Writing your own toy operating system: Enabling the A20 line

I can see blonde, redhead...

Here we are again, with yet another step in the process of building a second-stage bootloader for our own toy operating system. In the previous sections (here and here) we learned how to create and set up the global descriptor table (GDT) and the interrupt descriptor table (IDT), which the CPU uses to access and control memory and execute interrupts calls. Both of these structures are necessary to switch the CPU to protected mode.

We are now actually close to reaching that holy grail now. Only a few more preparatory steps are necessary to switch to protected mode, which will finish off our second-stage boot loader and allow us to start writing our kernel in C (which will be a relief from all the assembler code).

In this article, we will talk a little more about memory (we had already done that extensively in the past), but there’s a final hoop we need to jump through in order to have the the full 4GB of memory at our kernel’s disposal.

This article is part of a short series “Writing your own toy operating system.” Here is an index to the entire series.

The A20 line

Having created a global descriptor table with code selectors and data selectors at 4 KB granularity, we should theoretically have access to 4GB of memory.

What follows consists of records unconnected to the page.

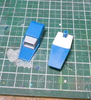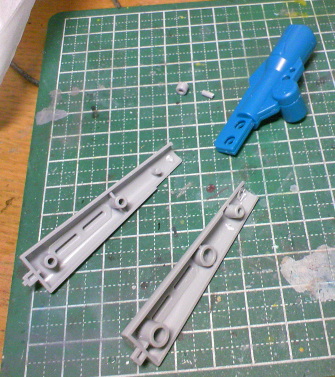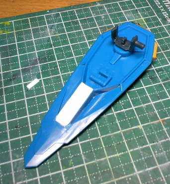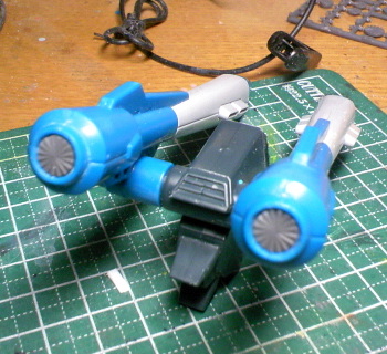 狭い部分ならペーパーでどうにかなるんですが、スラスターはそのまま合わせ目を消してものっぺりしていてビミョーな箇所なので、上からコトブキヤのパーツを貼り付ける事にしました(ふくらはぎにも同じ事をする予定です)
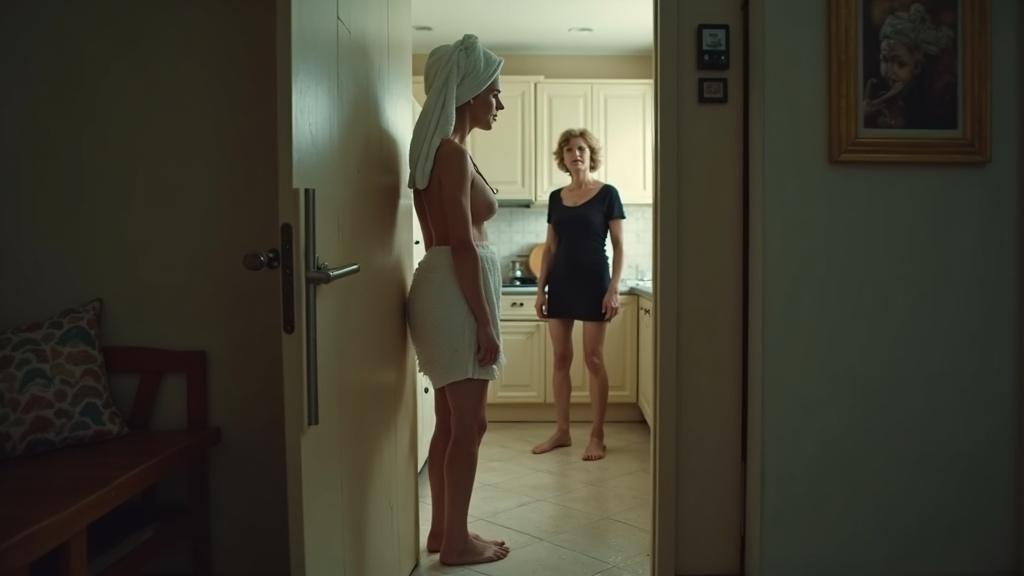 Она стояла в дверном проёме, ведущем из коридора на кухню, закутанная лишь в махровое полотенце, с меньшим полотенцем, намотанным на мокрые волосы.
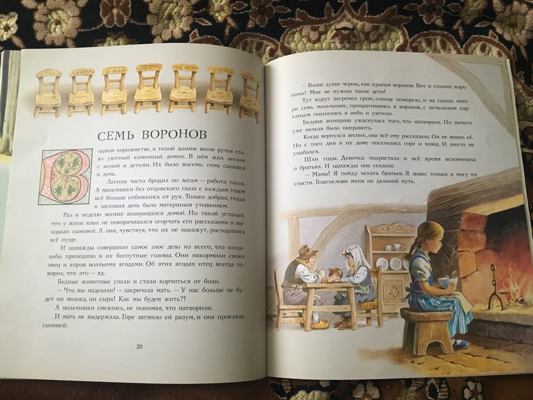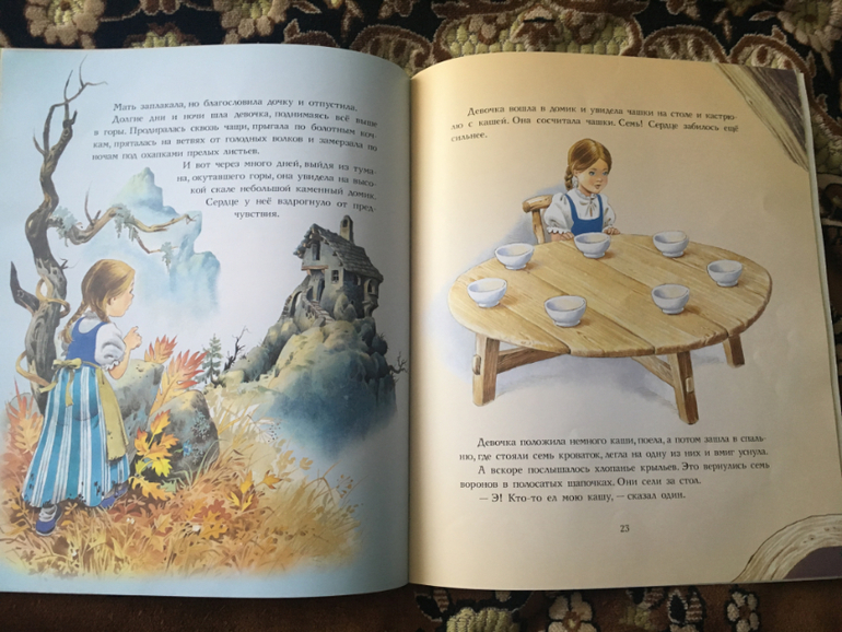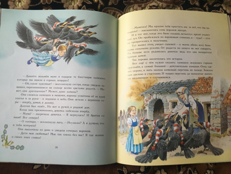6) Эту книжку купила пару лет назад на книжном развале возле метро за 40 (!) рублей. Иллюстрации очень красивые! Сказку Семь воронов в детстве не читала, а Даше она больше всех понравилась. Ее и показываю:
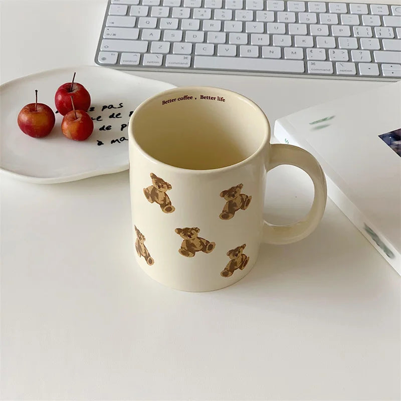 Yeknu Ins style teddy bear water cup, female design, niche retro mug

However, we are still prevented from that because of a legacy problem (it seems that most of what we’ve been doing has been getting rid of legacy stuff: 16-bit code, real-mode segmented memory addressing, old-style interrupts…). That problem is this.

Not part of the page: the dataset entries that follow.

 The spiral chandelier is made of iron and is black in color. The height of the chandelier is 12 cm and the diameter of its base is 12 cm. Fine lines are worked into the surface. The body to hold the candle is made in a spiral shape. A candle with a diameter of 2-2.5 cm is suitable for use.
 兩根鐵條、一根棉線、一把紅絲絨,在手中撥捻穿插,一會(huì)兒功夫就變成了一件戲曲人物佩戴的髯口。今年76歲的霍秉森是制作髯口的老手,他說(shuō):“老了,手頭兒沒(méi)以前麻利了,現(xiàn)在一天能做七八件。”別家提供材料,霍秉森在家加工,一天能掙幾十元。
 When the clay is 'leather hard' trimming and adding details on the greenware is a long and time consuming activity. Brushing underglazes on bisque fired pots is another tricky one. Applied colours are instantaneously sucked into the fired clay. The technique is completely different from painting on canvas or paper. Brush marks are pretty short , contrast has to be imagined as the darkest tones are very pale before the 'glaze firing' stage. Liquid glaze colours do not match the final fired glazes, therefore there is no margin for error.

I lied to you when I said that the memory chip had 20 address lines. It actually has more.Well, I didn’t really lie, since the 8088 actually did have 20 lines and that was the processor we had been discussing.

Let’s do a bit of math to see what is going on.

  • The Intel 8088 processor had 20 address lines. These 20 bits could hold a number between 0 and 2^20 = 1,048,576, which is the number of different memory cells we could address. But we never address individual cells – rather we address blocks of 8 cells (0ne byte). Consequently, we could address one megabyte of memory.
  • The Intel 80286 processor, by contrast, had 24 address lines. This is because it could address 16 MB of memory. After all, 2^24 = 16,777,216 = 16 MB. Also, this was a 16-bit processor which could load entire word (16 bits) from memory at the same time.
  • The Intel 80386 processor had 32 address lines, so it could address 2^32 = 4,294,967,296 = 4 GB of memory. Also, it was a 32-bit processor which could load entire double words (32 bits) from memory at the same time, which made it faster.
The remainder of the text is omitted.